**Exercise description**
Every line in the data below has to be repeated exactly; no picture belongs in the result.

**The data**

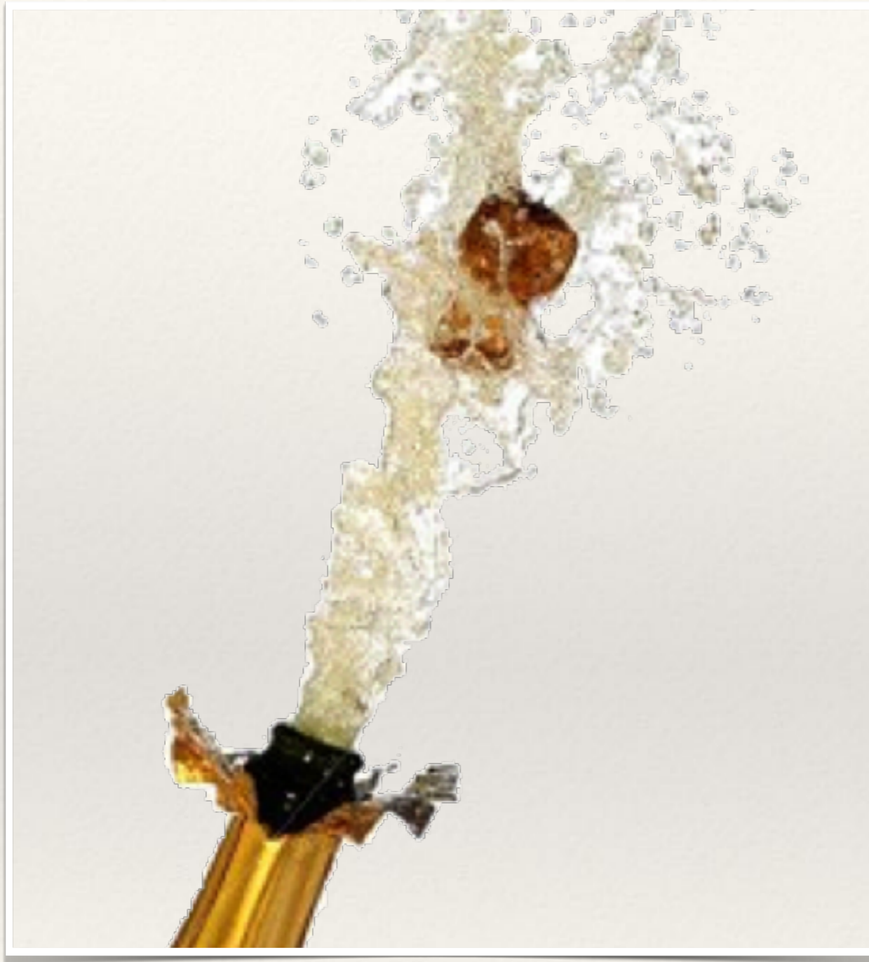
Not Functionally Suitable Matter
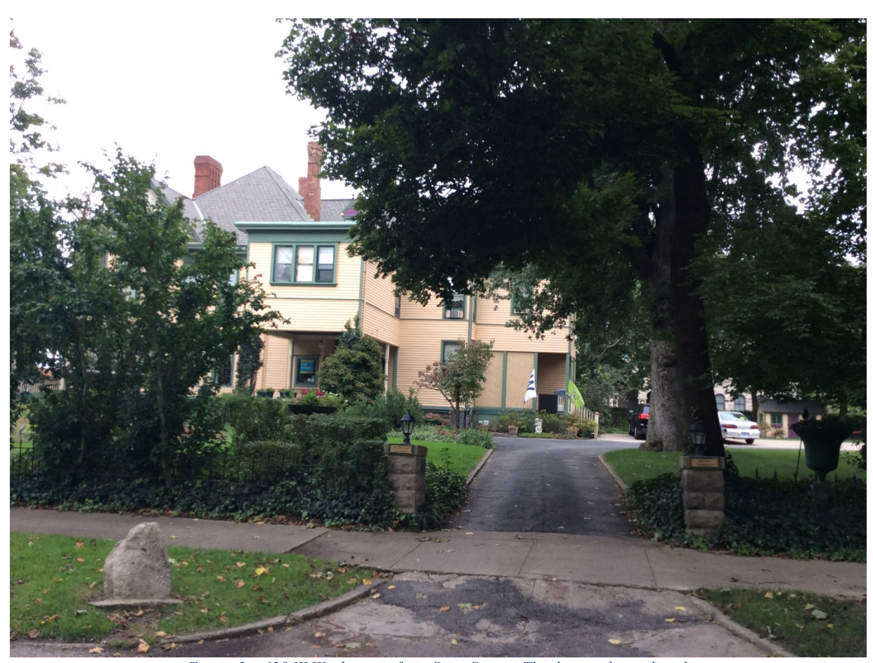
Figure 3 – 630 W Washington from Scott Street. The drive to be replaced.
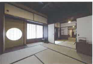
South room (Minami no ma)

The North storehouse built in 1800, is now used as a gallery and a place to relax.
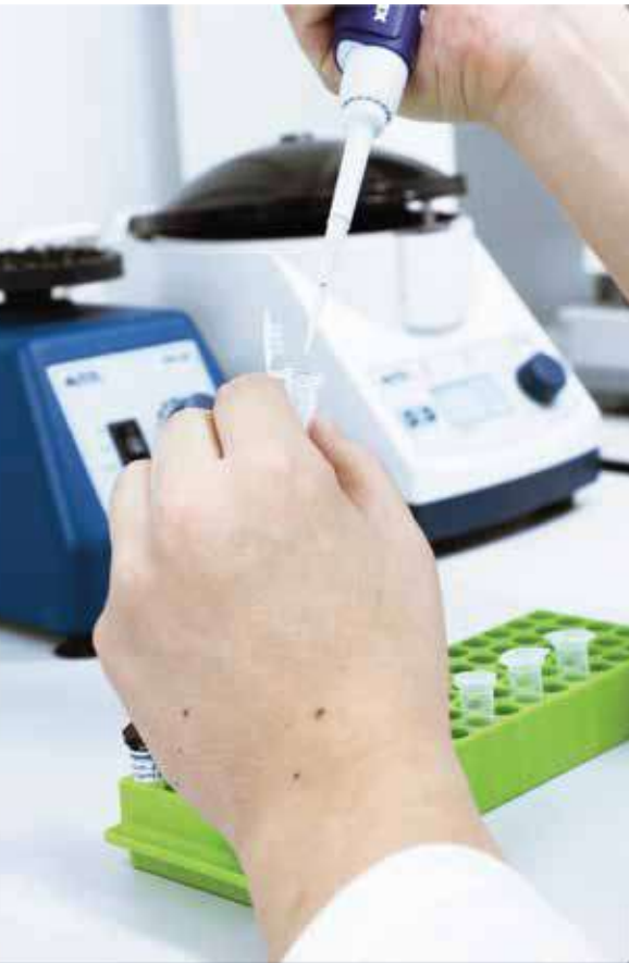
Food research laboratory

One of our notable manufacturing facilities, the GMP Factory, is responsible for producing functional health foods, including The Jinhan Red Ginseng Stick (concentrate) made with 6-Year-Old Red Ginseng. We take immense pride in our ability to deliver quality products, which undergo thorough quality inspections to ensure excellence. Furthermore, we have established the FromBIO Logistics Center, which was completed in 2022, to provide efficient logistics services and ensure prompt delivery to our valued customers.
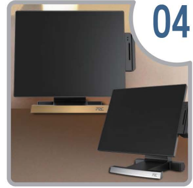
Luxurious metal style of Premium logo bar

**Your solution**
Not Functionally Suitable Matter
Figure 3 – 630 W Washington from Scott Street. The drive to be replaced.
South room (Minami no ma)

The North storehouse built in 1800, is now used as a gallery and a place to relax.
Food research laboratory

One of our notable manufacturing facilities, the GMP Factory, is responsible for producing functional health foods, including The Jinhan Red Ginseng Stick (concentrate) made with 6-Year-Old Red Ginseng. We take immense pride in our ability to deliver quality products, which undergo thorough quality inspections to ensure excellence. Furthermore, we have established the FromBIO Logistics Center, which was completed in 2022, to provide efficient logistics services and ensure prompt delivery to our valued customers.
Luxurious metal style of Premium logo bar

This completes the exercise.